Well i just bought new all season tires last year and although they work good for Minnesota weather just fine i've never been out west driving so obviously i'm a little worried about the conditions. Thanks for the reply!


----------



## killclimbz (Aug 10, 2007)

All seasons just don't quite have the grip and traction of snow tires, but being that they are new you should be just fine. Just don't forget the cables/chains. They are cheap anyway. I keep a set in my trunk during the winter, though I have yet to use them.


----------



## stunt66 (Jan 7, 2009)

From what I was told, the cheapest winter tire will out perform the best all season. It's always a gamble travelling the highway during the snowy season so it's your call if it's worth it or not on all seasons. I finally caved and bought some winters this year and I drive a 4x4 truck.


----------



## caneyhead (Jan 5, 2009)

Firstly kudos for your destination choice. This year may be epic for Big Sky. 

As for travel conditions, I can not speak for I-90 conditions. My bet is that they will be fine. I can speak for canyon conditions of 191. This road must be kept maintained for workers coming back and forth from bozeman. Always in acceptable condiion in my experience. Plus they continually upgrade this road.


----------



## tjl_48 (Nov 11, 2008)

I made this trip 3 times last winter with no problem. The first time we went around Christmas they were getting some pretty good snow for about an hour before bozeman. Took it slow and it was fine. The other 2 times was all smooth sailing. I have a fwd car too.


----------



## mike.d (Mar 4, 2010)

That is very good news! Where were you coming from?


----------



## tjl_48 (Nov 11, 2008)

I was coming from Grand Forks. Have an aunt and uncle that live in bozeman and was unemployed for the most part last winter. Had time to make the trip a few times. If you get a chance check out moonlight basin. I really enjoyed that resort and its connected to big sky.


----------



## phillycheese (Nov 15, 2010)

i make this trip a couple times every winter, grand forks to bozeman only takes 10-11 hours...roads are usually good, unless you're going through a blizzard...you can do it with 2wd, but the roads get tougher once you get in the mountains...i would suggest a 4wd vehicle...


----------



## Mr. Polonia (Apr 5, 2009)

tjl_48 said:


> I was coming from Grand Forks. Have an aunt and uncle that live in bozeman and was unemployed for the most part last winter. Had time to make the trip a few times. If you get a chance check out moonlight basin.

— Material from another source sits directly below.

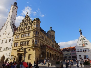 | 城壁に囲まれたローテンブルクは見どころ一杯でした。写真はマルクト広場、左が市庁舎、右の建物は市参事宴会場(市長のワイン一気飲みのからくり時計が有名。)。 | 「ローテンブルクの地ビールあります」と日本語表記が貼られている店があったので、入らない手はない。これがローテンの地ビールか否かは不明ですが、ゴールドオクセン・ブロイシュピールバッハ(400ml、3.5ユーロ)。 | |||

I really enjoyed that resort and its connected to big sky.


GRAND FORKS??

haha i was stationed in that dump for 4 yrs....but i have plenty of good memories from there


----------



## tAo77 (Oct 14, 2010)

FWD car would be just fine. I lived out there for a couple years and we drove all over in a RWD pickup, never had any troubles. After all many, many Montanians (?):laugh: have FWD's.


----------



## tjl_48 (Nov 11, 2008)

Haha. Yep. The only thing Grand Forks has going for it is the Sioux hockey team. I just took a job and got out of the place finally. Twin Cities are ok but want to get to the mountains permanently.


----------



## phillycheese (Nov 15, 2010)

sioux yeah yeah


----------



## tjl_48 (Nov 11, 2008)

Haha. Hey Sioux Sioux.


----------



## EagleTalons (Oct 10, 2010)

I 90 can get pretty nasty in the Crow Reservation. Between Sheridan and Lodge Grass they sometimes shut the highway completely down. They get quite a bit of wet heavy snow in that area. 

Will you be taking I-90 or I-94 to get to Montana?


----------



## mike.d (Mar 4, 2010)

We would be taking I-94 through North Dakota to Bozeman and then head south from there.


----------